Raw data:

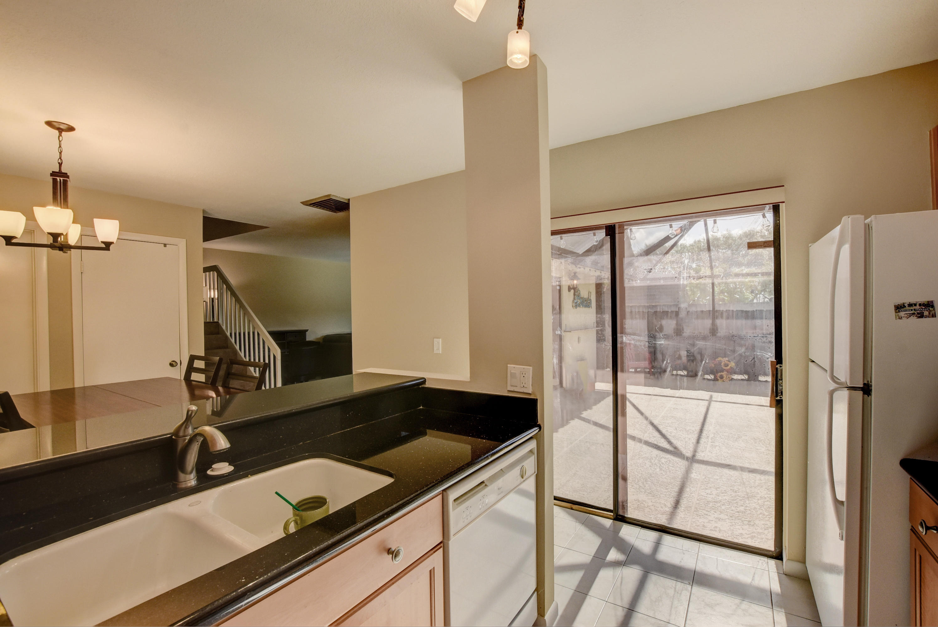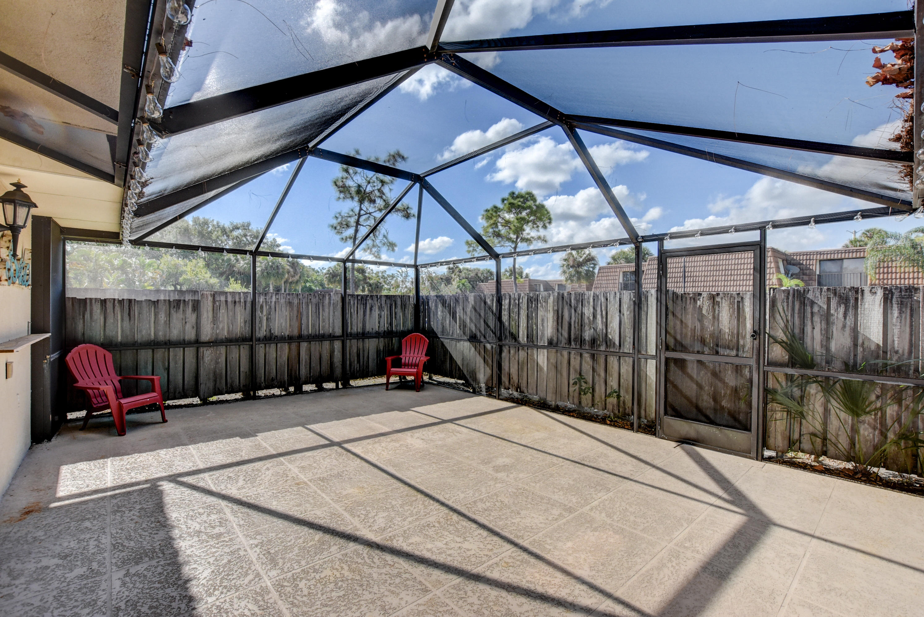 This beautifully updated 2 bed, 2.5 bath townhome is centrally located in the Villages, which is in the heart of West Palm Beach. Custom hardwood cabinetry and granite countertops throughout the kitchen are a tasteful and functional upgrade. The open floor plan creates a great space for entertaining; sliding glass doors from the kitchen and living area open to a large screened patio. Upstairs you will find two full sized bedrooms each with their own balconies to enjoy the Florida outdoor living to its fullest. The master bedroom has a large walk-in closet and there's plenty of closet space in the guest bedroom too. The home features new flooring throughout, newly textured ceilings, and a it has been freshly painted for an easy move in.
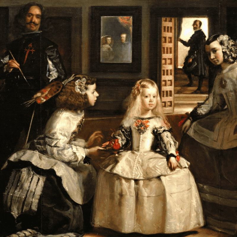 Diego Velázquez’s (1599-1660) Las Meninas (1656) resists a single reading: portrait and mise-en-scène, painting and mirror, painter and spectator all fold into one another. At its centre stands the Infanta - the sovereign’s daughter - poised and luminous; around her, attendants, portraits, and an open doorway complicate who is looking and who is looked at. For centuries the painting has been a stage for questions about authorship, presence, and the relationship between image and power.
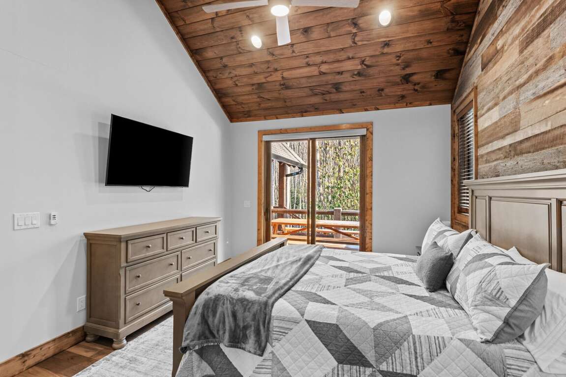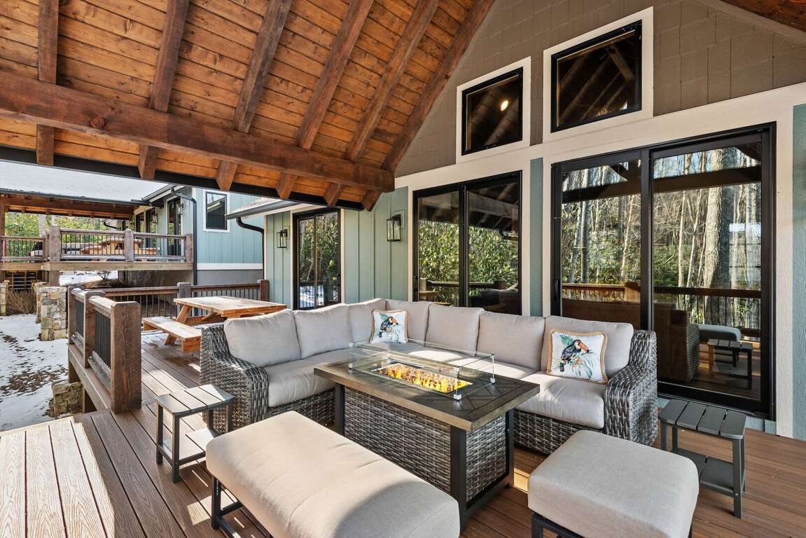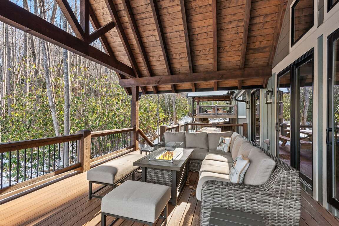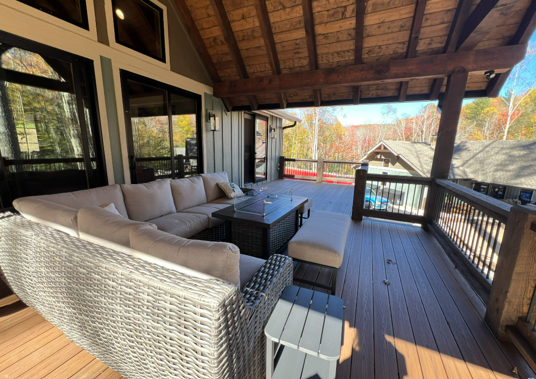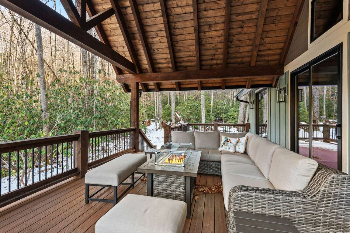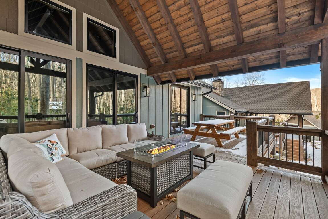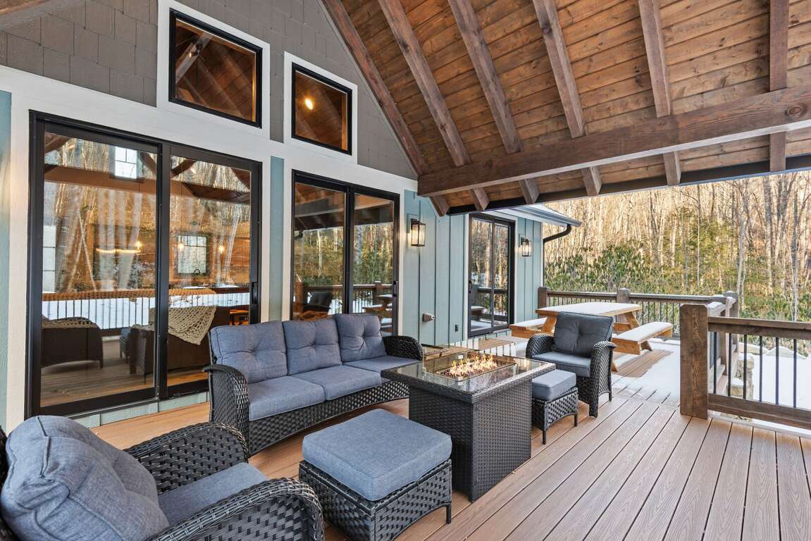 Large private decks extend the living space outdoors, each furnished with a fire table, seating, and dining area so guests can enjoy the mountain air morning to night. And for convenience during longer stays, every cabin includes its own washer and dryer.<br />
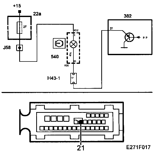 ^ Shorting to ground in the lead between pin 21 of the TC/ABS control module and pin 10 of the main instrument unit (K20).
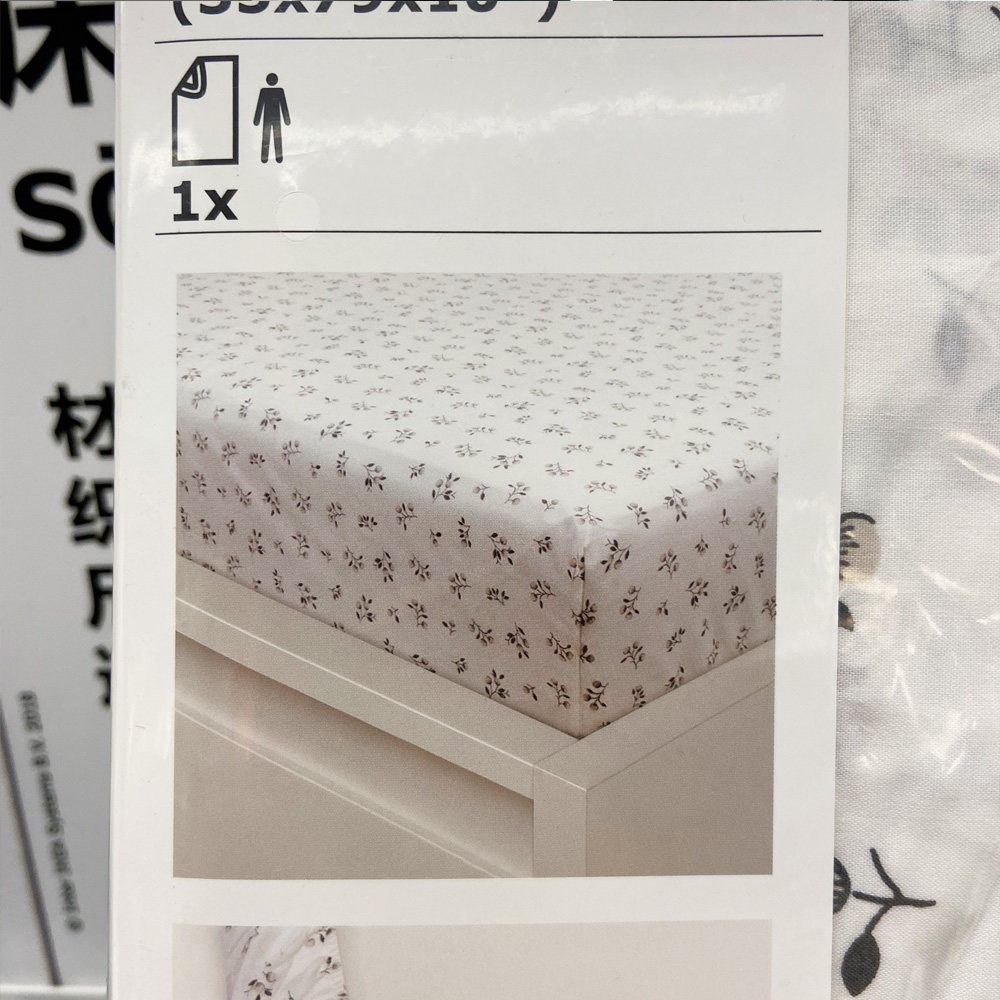 Ikea, простыня, белый матрас, принт
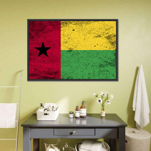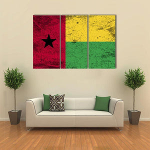 A canvas print of the Guinea-Bissau flag rendered in a vintage, abstract style that reads bold and patriotic. The symmetrical composition uses red, yellow, green and black with a distressed, scratched texture and the black star in the red field. It fits modern home or office walls as colorful flag decor.
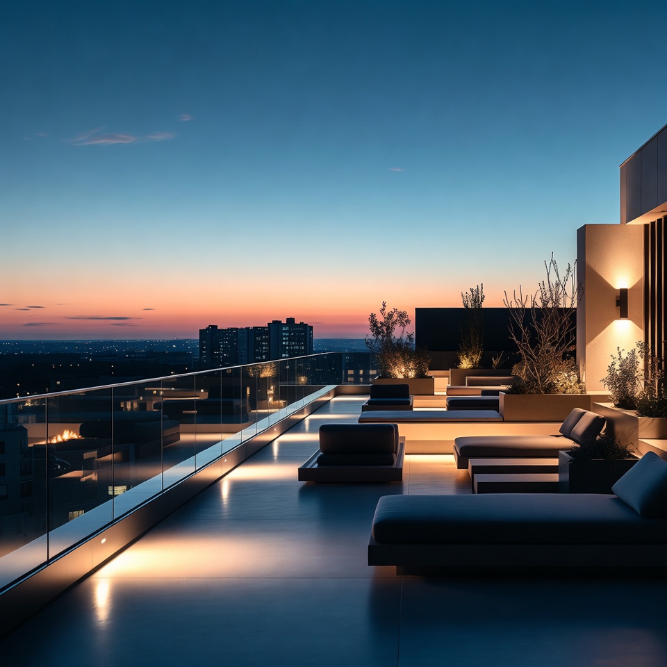 Rooftop lounge at sunset time
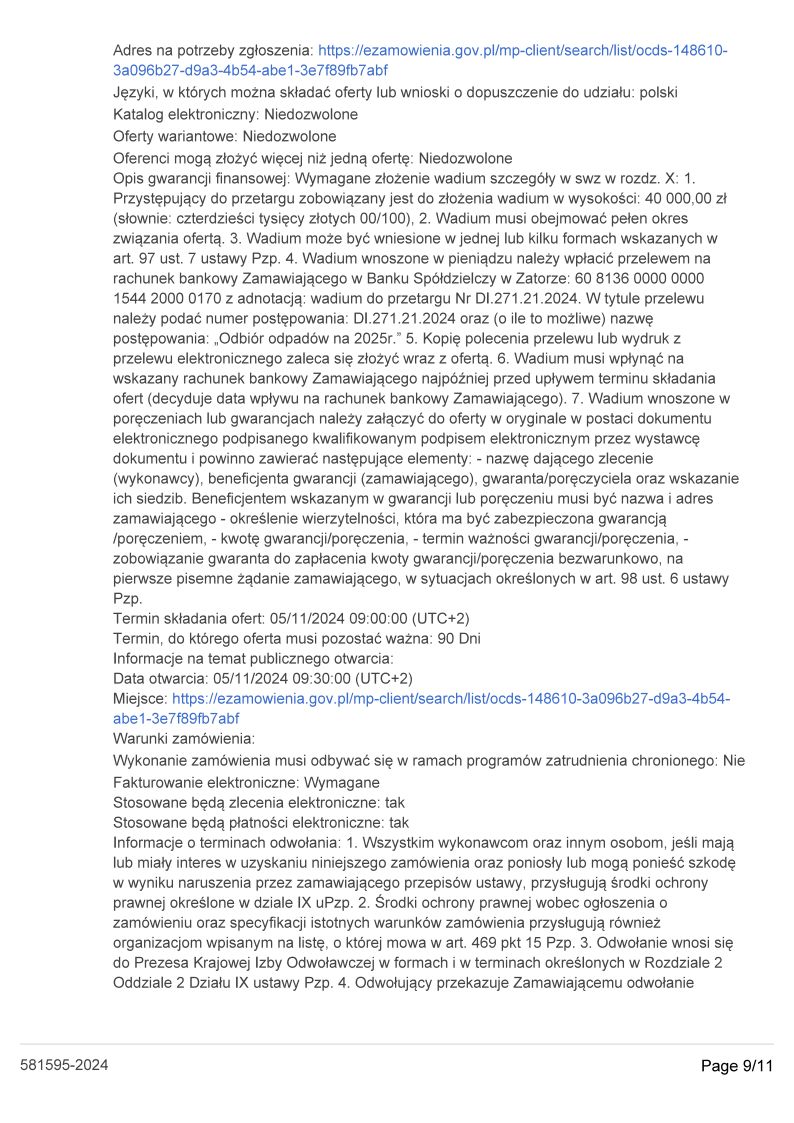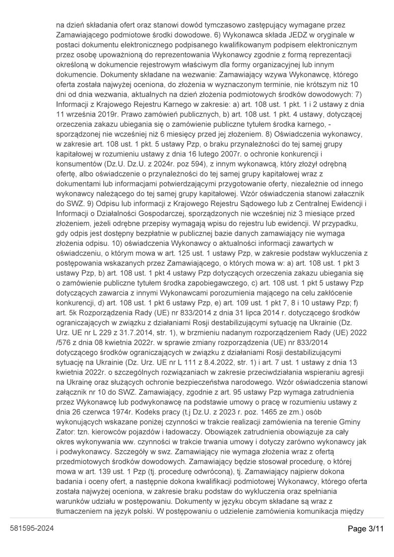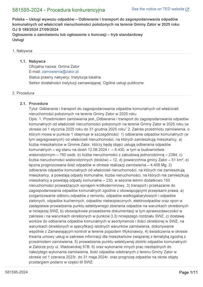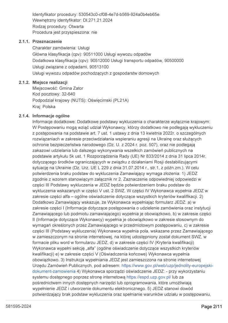 DI.271.21.2024 Odbieranie i transport do zagospodarowania odpadów komunalnych od właścicieli nieruchomości położonych na terenie Gminy Zator w 2025 roku - ogłoszenie o zamówieniu.
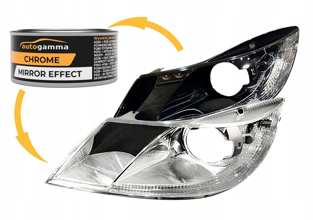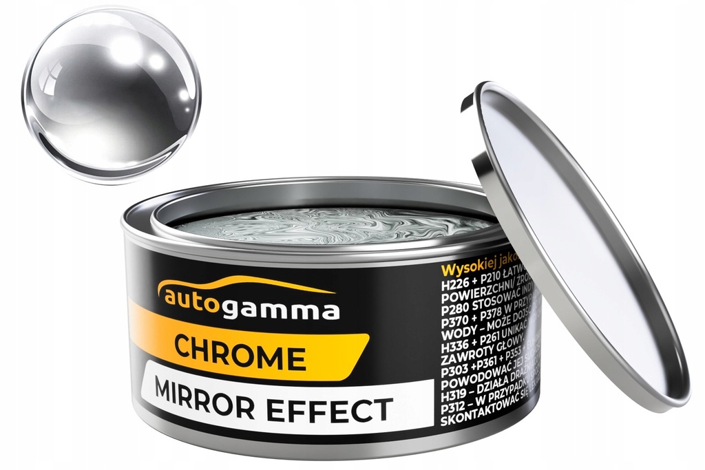 Gotowy lakier z efektem chromu pozwala osiągnąć znakomity wygląd lustrzanego odbicia - nawet 98% połysku prawdziwego chromowania. Chrome Mirror Effect jest intensywnie refleksyjną powłoką lakierniczą łatwą do zastosowania bez specjalistycznego sprzętu. Potrzebny do aplikacji jest jedynie standardowy pistolet do lakieru.
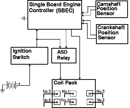 The SBEC also controls the Auto Shut-Down (ASD) Relay, which provides power to the ignition coil, fuel pump, oxygen sensor heater element, and fuel injectors.
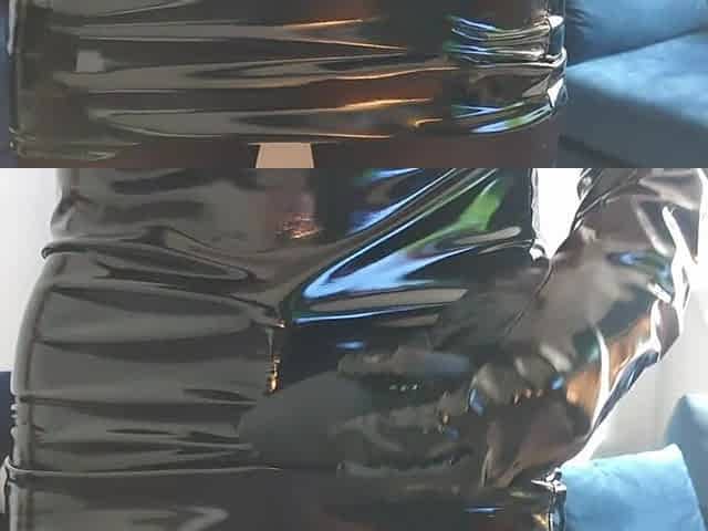 Annabel Widening her Legs in a PVC Suit, Seamed Stockings and Heels
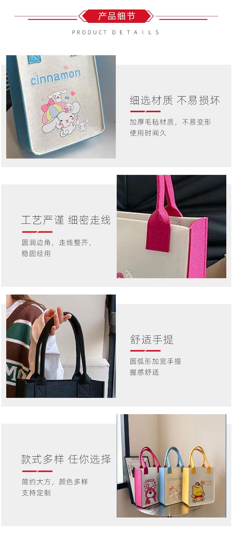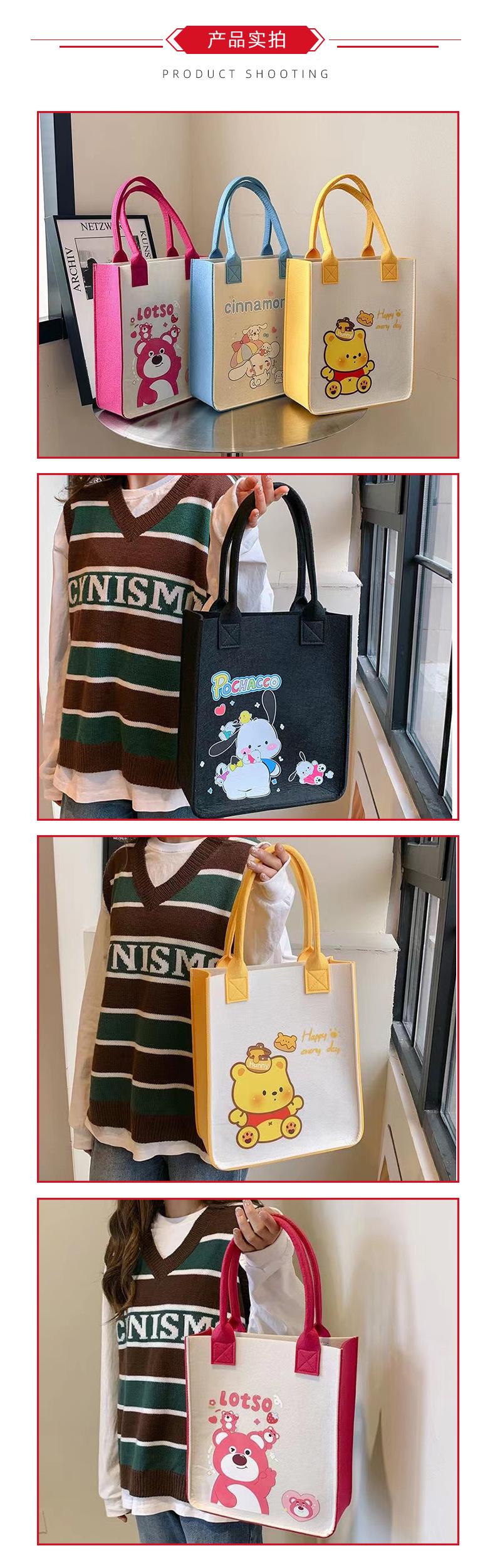 Strawberry bear felt bag; 30*25*13cm, Yugui dog felt bag; 30*25*13cm, Winnie the Poole felt bag; 30*25*13cm, Sanrio; 30*25*13cm
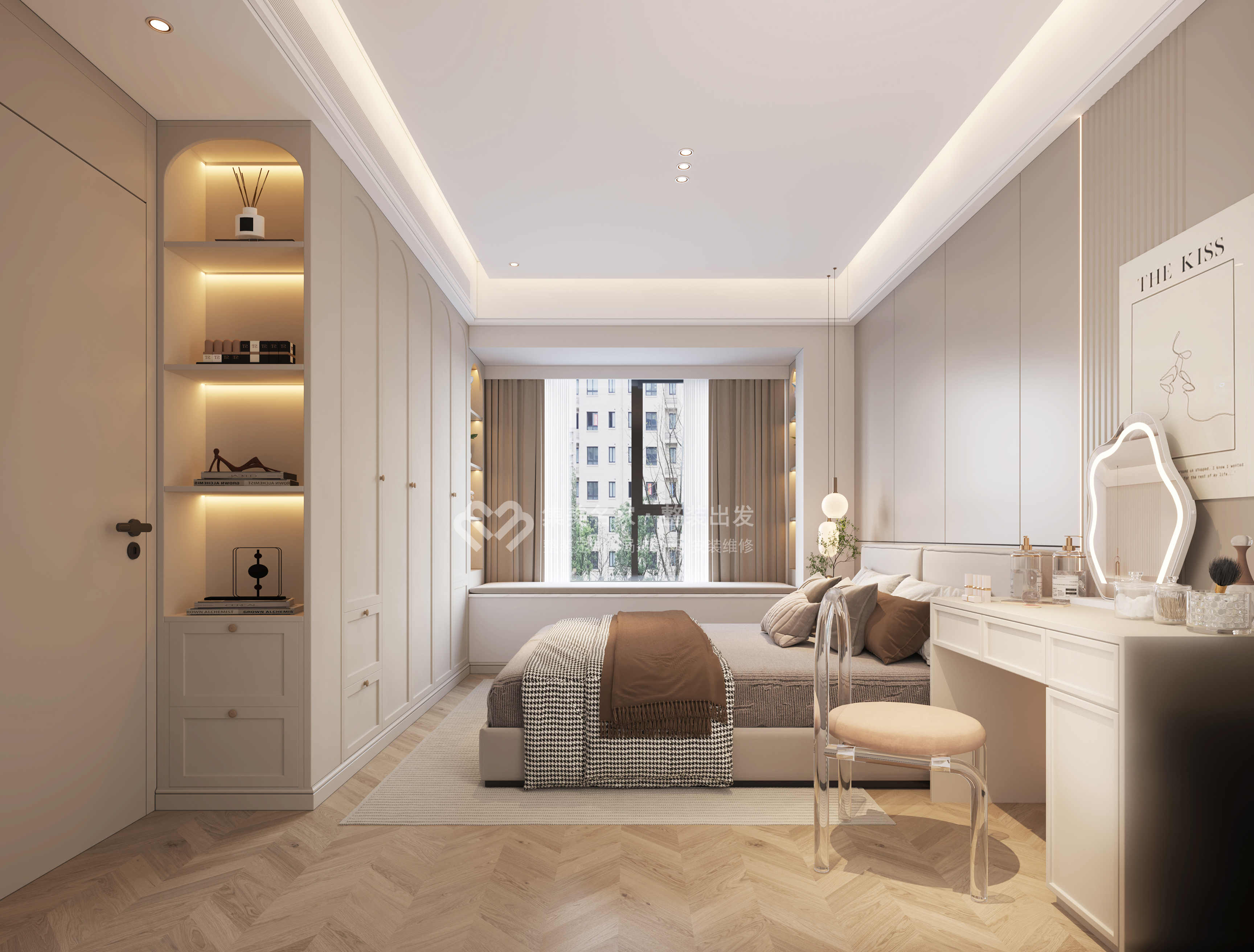 近3米的衣柜,为主卧提供足够的收纳空间,飘窗台上的小空间也设计了开放式隔板书架,可放置手提包,书籍等物品。想象一下,闲暇时光,倚靠在窗台喝茶,看书,身心都能得到无比放松~
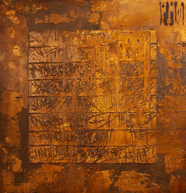 PHO (MARCO GRASSI)'Codice/42'tecnica mista su legnoanno 2004cm 110x110firmata in alto a destraal retro: titolo, firma e anno
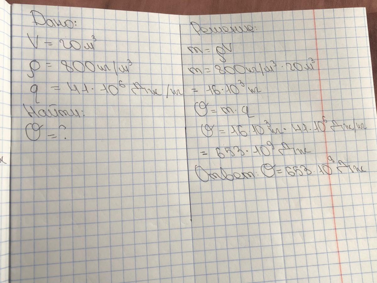 Сколько теплоты выделится при полном сгорании нефти объемом 20 м3? (плотность нефти найти в интернете) (массу найти через плотность и объём)

Task goal: Print only the lines running from the one containing "Annabel Widening her" to the end of the data above, exactly; include no pictures.

Answer to the exercise:
 Annabel Widening her Legs in a PVC Suit, Seamed Stockings and Heels
 Strawberry bear felt bag; 30*25*13cm, Yugui dog felt bag; 30*25*13cm, Winnie the Poole felt bag; 30*25*13cm, Sanrio; 30*25*13cm
 近3米的衣柜,为主卧提供足够的收纳空间,飘窗台上的小空间也设计了开放式隔板书架,可放置手提包,书籍等物品。想象一下,闲暇时光,倚靠在窗台喝茶,看书,身心都能得到无比放松~
 PHO (MARCO GRASSI)'Codice/42'tecnica mista su legnoanno 2004cm 110x110firmata in alto a destraal retro: titolo, firma e anno
 Сколько теплоты выделится при полном сгорании нефти объемом 20 м3? (плотность нефти найти в интернете) (массу найти через плотность и объём)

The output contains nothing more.